→ ACTION ITEM: Taking only the lines of the data below from the line with "Usando un cuchillo" to the line with "国際交流推進課では,毎年春と", ends included, write them out exactly and without pictures.

→ Extracted records:
===============
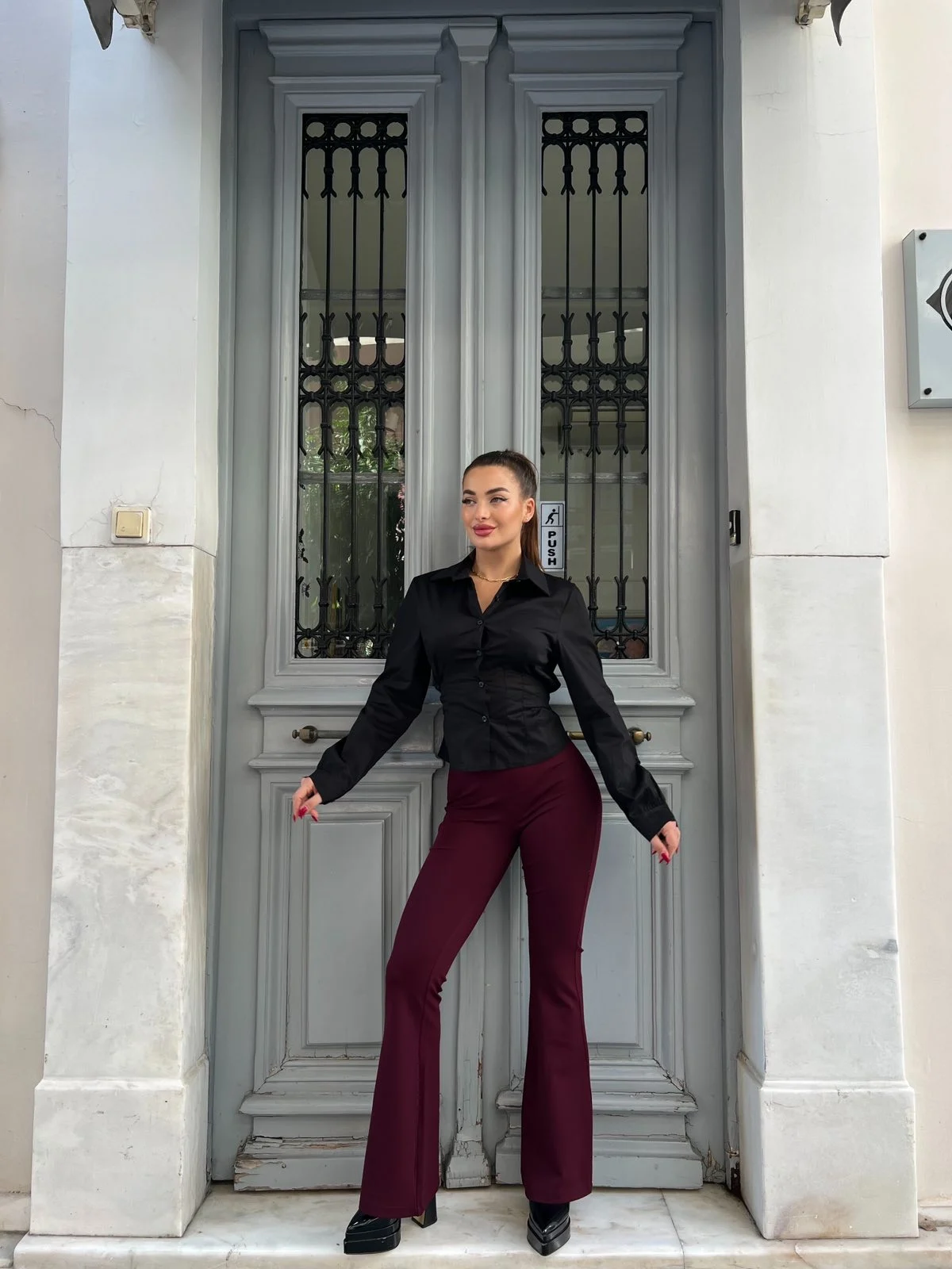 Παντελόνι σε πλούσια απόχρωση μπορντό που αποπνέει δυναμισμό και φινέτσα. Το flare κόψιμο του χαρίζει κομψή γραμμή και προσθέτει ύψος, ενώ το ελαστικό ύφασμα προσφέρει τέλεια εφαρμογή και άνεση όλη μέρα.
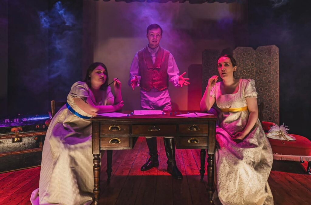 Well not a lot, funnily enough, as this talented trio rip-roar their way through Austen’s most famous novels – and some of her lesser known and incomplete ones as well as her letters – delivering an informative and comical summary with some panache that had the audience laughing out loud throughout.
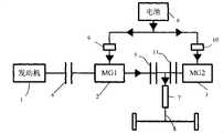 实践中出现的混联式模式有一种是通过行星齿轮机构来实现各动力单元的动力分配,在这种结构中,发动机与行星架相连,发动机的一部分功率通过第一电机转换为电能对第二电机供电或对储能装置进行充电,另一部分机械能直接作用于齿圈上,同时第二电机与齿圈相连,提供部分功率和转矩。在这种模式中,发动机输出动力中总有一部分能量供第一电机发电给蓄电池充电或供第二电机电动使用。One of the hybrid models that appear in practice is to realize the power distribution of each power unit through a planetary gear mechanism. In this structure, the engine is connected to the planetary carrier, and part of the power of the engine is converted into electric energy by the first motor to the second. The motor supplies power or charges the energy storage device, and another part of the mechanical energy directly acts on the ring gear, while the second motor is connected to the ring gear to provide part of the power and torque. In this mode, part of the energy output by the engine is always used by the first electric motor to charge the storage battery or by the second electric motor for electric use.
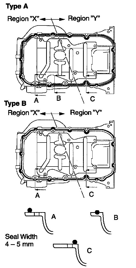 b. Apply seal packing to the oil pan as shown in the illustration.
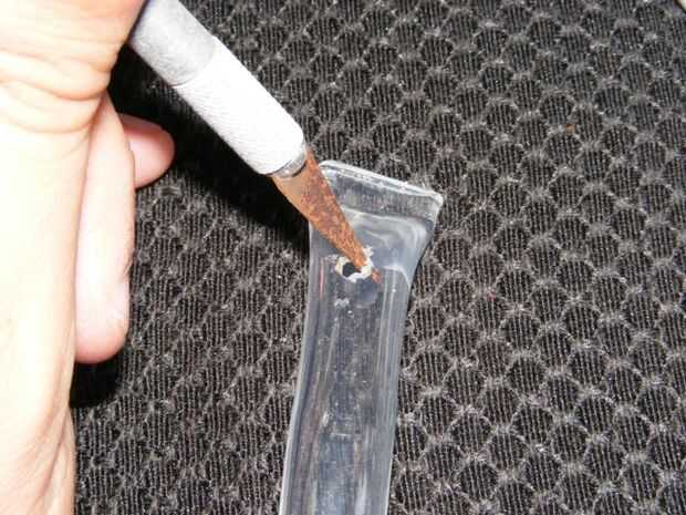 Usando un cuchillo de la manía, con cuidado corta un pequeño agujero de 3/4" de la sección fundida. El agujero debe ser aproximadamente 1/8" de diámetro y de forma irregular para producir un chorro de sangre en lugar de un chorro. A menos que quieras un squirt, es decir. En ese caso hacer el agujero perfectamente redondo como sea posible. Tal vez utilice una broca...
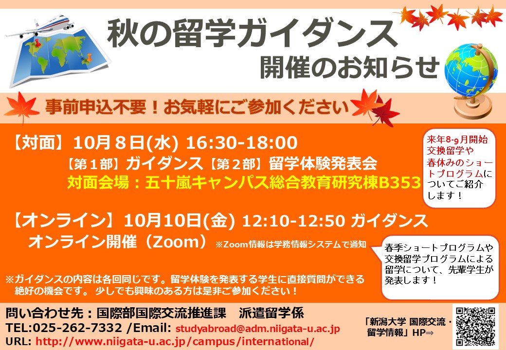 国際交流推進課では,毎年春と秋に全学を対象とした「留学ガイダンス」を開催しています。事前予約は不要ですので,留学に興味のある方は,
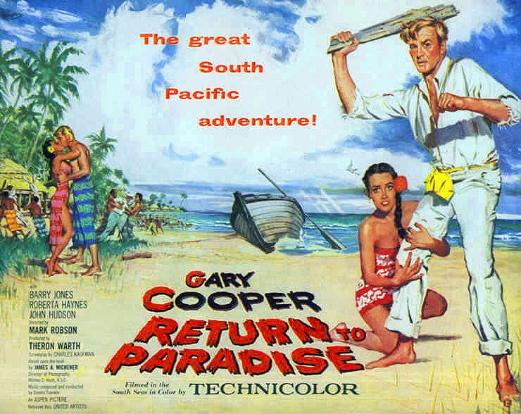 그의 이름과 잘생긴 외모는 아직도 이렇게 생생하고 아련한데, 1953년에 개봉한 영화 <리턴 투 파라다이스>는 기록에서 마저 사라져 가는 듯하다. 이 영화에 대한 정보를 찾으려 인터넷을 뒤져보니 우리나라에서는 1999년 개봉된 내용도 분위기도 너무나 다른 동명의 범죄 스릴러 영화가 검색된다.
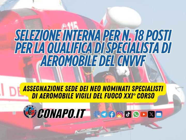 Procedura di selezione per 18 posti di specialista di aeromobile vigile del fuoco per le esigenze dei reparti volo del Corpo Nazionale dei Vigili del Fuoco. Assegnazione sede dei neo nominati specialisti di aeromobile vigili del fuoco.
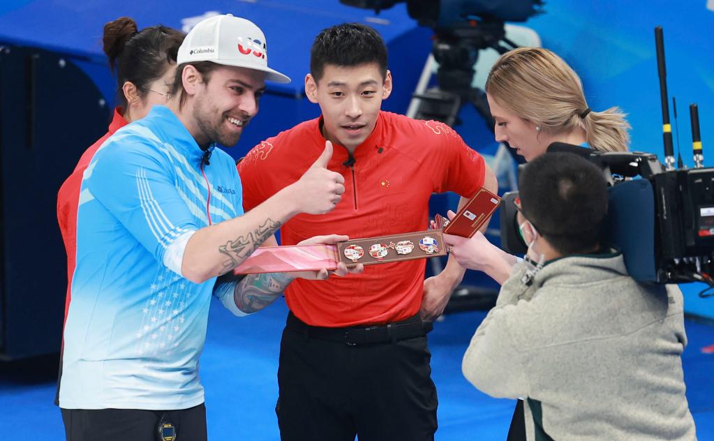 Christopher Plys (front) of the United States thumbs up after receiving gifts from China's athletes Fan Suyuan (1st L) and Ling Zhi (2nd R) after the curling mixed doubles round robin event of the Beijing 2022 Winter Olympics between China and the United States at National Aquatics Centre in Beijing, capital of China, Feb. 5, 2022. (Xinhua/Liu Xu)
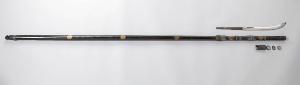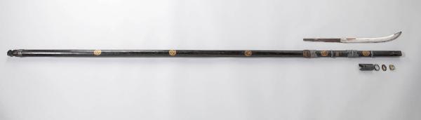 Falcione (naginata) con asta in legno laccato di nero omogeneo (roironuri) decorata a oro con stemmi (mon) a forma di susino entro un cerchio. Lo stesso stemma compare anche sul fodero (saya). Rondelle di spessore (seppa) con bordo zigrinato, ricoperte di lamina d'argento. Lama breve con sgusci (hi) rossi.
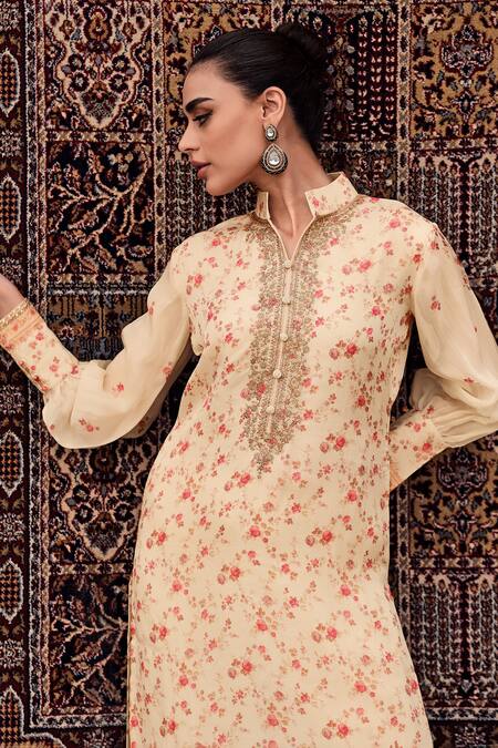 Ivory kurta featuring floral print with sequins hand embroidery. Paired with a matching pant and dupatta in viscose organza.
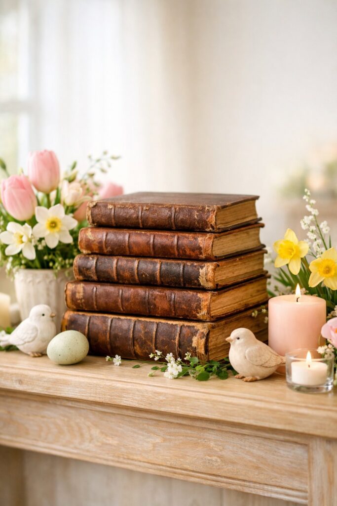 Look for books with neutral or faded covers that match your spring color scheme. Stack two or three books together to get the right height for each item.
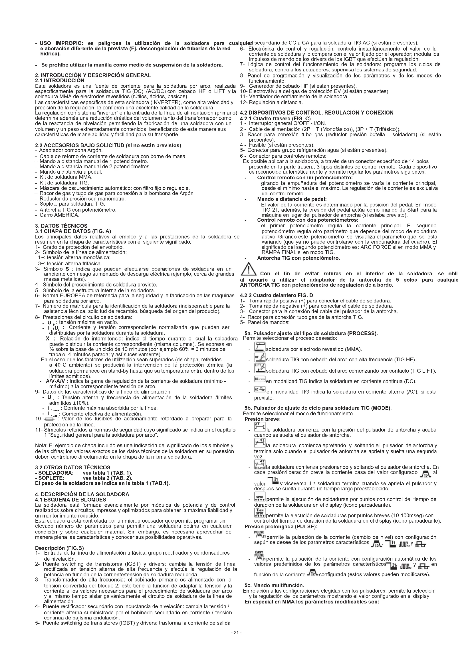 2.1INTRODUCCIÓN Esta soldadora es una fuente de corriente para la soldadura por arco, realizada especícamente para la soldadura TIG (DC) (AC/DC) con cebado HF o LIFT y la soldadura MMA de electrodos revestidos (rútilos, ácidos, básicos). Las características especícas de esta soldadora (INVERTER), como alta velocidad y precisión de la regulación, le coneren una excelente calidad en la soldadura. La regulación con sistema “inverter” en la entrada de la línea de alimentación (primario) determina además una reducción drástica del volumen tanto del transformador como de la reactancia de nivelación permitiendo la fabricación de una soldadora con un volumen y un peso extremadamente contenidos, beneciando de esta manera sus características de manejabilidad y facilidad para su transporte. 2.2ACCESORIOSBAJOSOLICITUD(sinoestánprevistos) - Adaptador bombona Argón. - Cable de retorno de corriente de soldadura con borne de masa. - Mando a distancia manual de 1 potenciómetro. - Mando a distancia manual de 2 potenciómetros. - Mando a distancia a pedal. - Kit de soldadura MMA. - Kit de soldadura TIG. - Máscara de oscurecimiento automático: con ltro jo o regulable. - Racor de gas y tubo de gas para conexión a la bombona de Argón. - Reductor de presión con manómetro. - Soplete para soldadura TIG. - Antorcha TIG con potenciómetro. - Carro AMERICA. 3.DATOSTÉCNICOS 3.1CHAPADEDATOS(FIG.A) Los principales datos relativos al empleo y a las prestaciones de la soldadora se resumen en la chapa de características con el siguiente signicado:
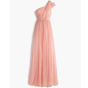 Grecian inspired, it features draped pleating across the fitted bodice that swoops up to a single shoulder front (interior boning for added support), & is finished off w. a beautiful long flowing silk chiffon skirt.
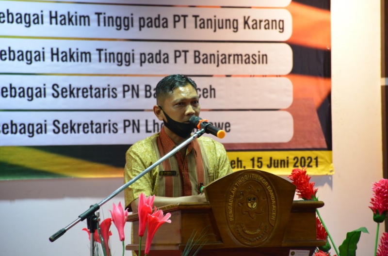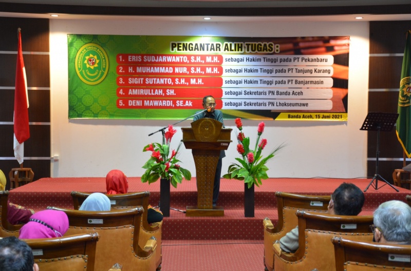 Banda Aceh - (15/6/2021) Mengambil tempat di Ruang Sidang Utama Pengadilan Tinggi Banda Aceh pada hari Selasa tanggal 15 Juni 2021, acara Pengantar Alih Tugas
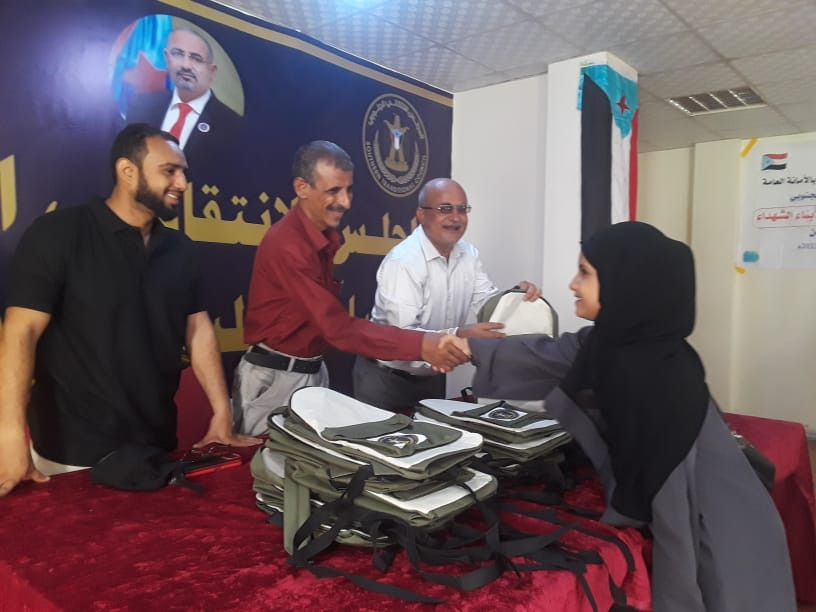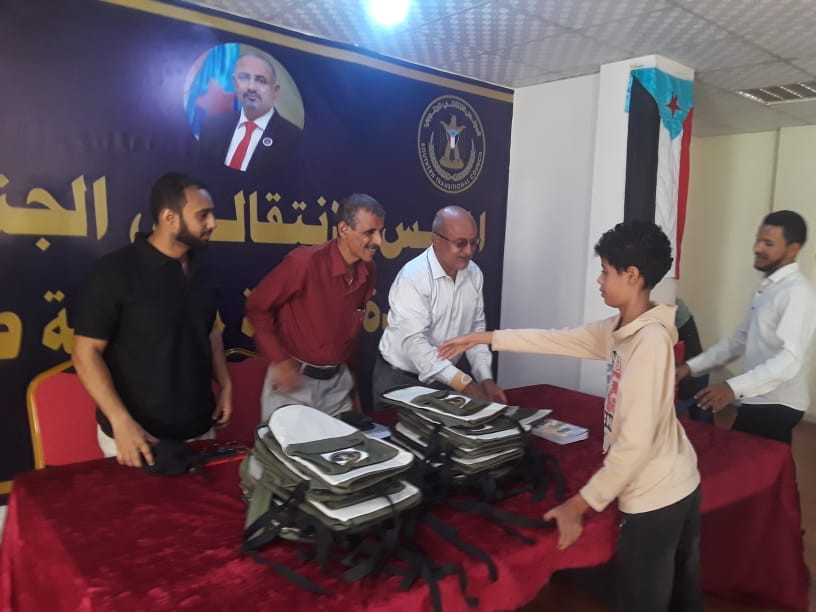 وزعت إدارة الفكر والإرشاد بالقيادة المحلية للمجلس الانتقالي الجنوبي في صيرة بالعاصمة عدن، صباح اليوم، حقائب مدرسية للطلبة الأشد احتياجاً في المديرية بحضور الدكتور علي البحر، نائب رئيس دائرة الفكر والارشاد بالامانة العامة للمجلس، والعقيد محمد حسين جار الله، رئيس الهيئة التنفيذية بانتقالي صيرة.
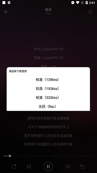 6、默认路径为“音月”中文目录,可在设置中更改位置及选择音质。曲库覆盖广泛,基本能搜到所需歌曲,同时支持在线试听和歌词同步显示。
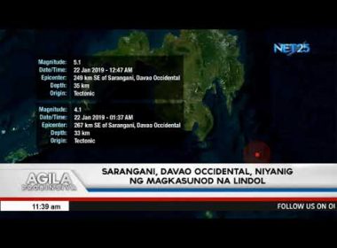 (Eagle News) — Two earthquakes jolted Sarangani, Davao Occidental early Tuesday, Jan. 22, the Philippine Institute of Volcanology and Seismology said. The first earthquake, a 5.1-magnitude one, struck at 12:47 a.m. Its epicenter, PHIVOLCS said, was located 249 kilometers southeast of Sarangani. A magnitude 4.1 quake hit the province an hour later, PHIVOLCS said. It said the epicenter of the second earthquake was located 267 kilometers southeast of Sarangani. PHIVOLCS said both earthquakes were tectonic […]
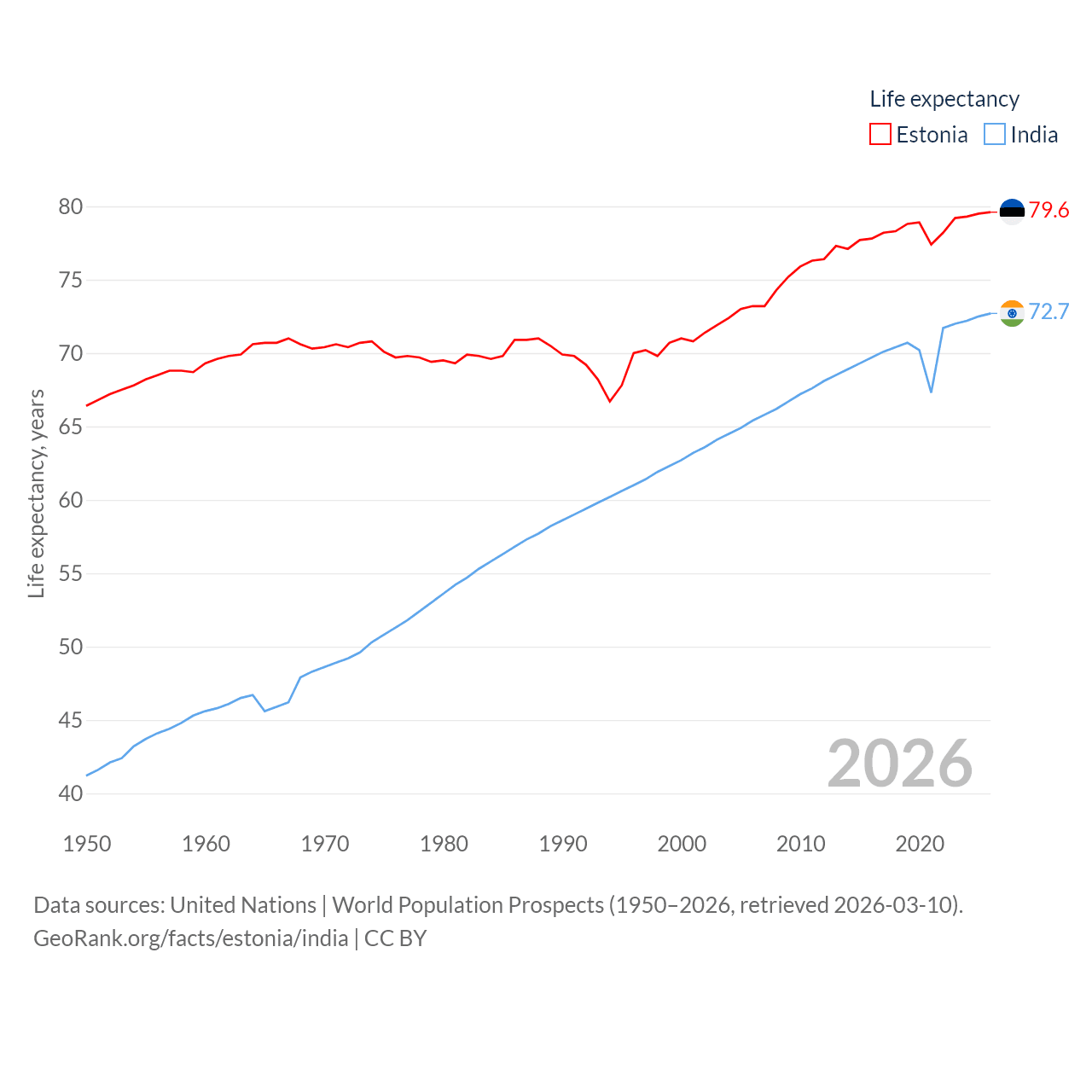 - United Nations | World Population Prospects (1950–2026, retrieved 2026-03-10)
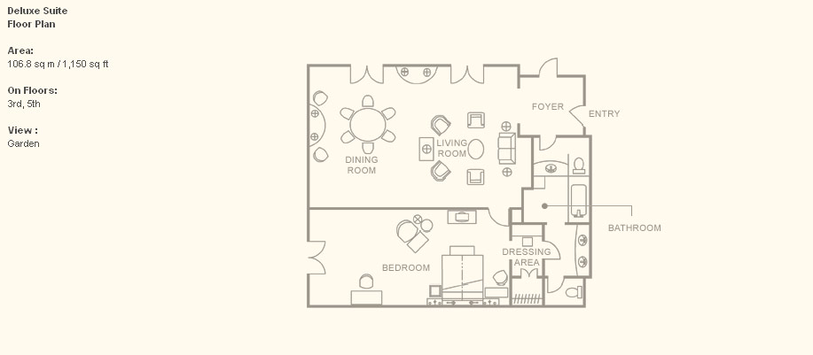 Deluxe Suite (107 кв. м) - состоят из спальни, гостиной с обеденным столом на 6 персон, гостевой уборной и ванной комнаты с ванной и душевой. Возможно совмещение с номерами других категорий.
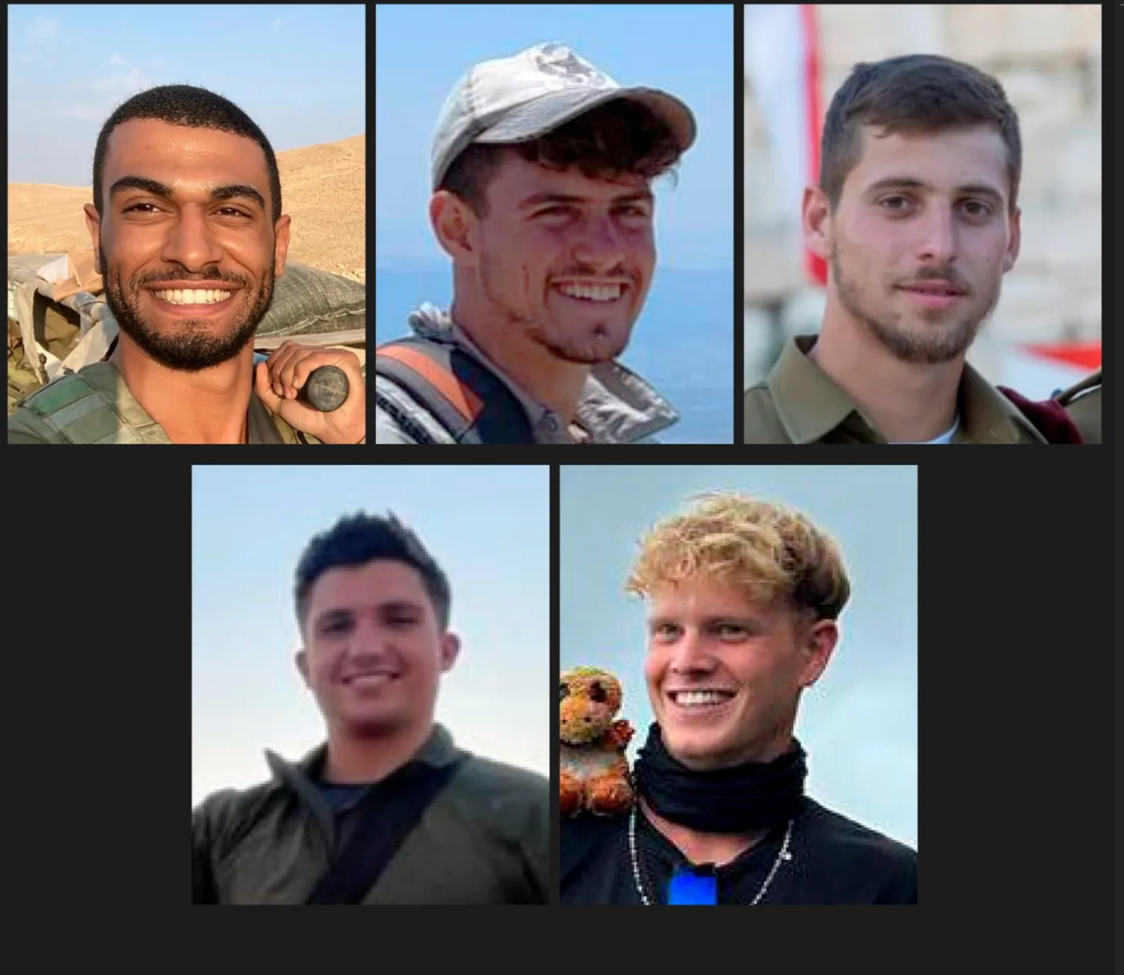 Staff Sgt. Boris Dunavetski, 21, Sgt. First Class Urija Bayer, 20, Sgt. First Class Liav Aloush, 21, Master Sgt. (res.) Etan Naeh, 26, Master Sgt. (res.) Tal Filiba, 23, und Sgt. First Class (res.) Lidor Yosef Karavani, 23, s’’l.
===============
→ ANSWER BOX:
 Usando un cuchillo de la manía, con cuidado corta un pequeño agujero de 3/4" de la sección fundida. El agujero debe ser aproximadamente 1/8" de diámetro y de forma irregular para producir un chorro de sangre en lugar de un chorro. A menos que quieras un squirt, es decir. En ese caso hacer el agujero perfectamente redondo como sea posible. Tal vez utilice una broca...
 国際交流推進課では,毎年春と秋に全学を対象とした「留学ガイダンス」を開催しています。事前予約は不要ですので,留学に興味のある方は,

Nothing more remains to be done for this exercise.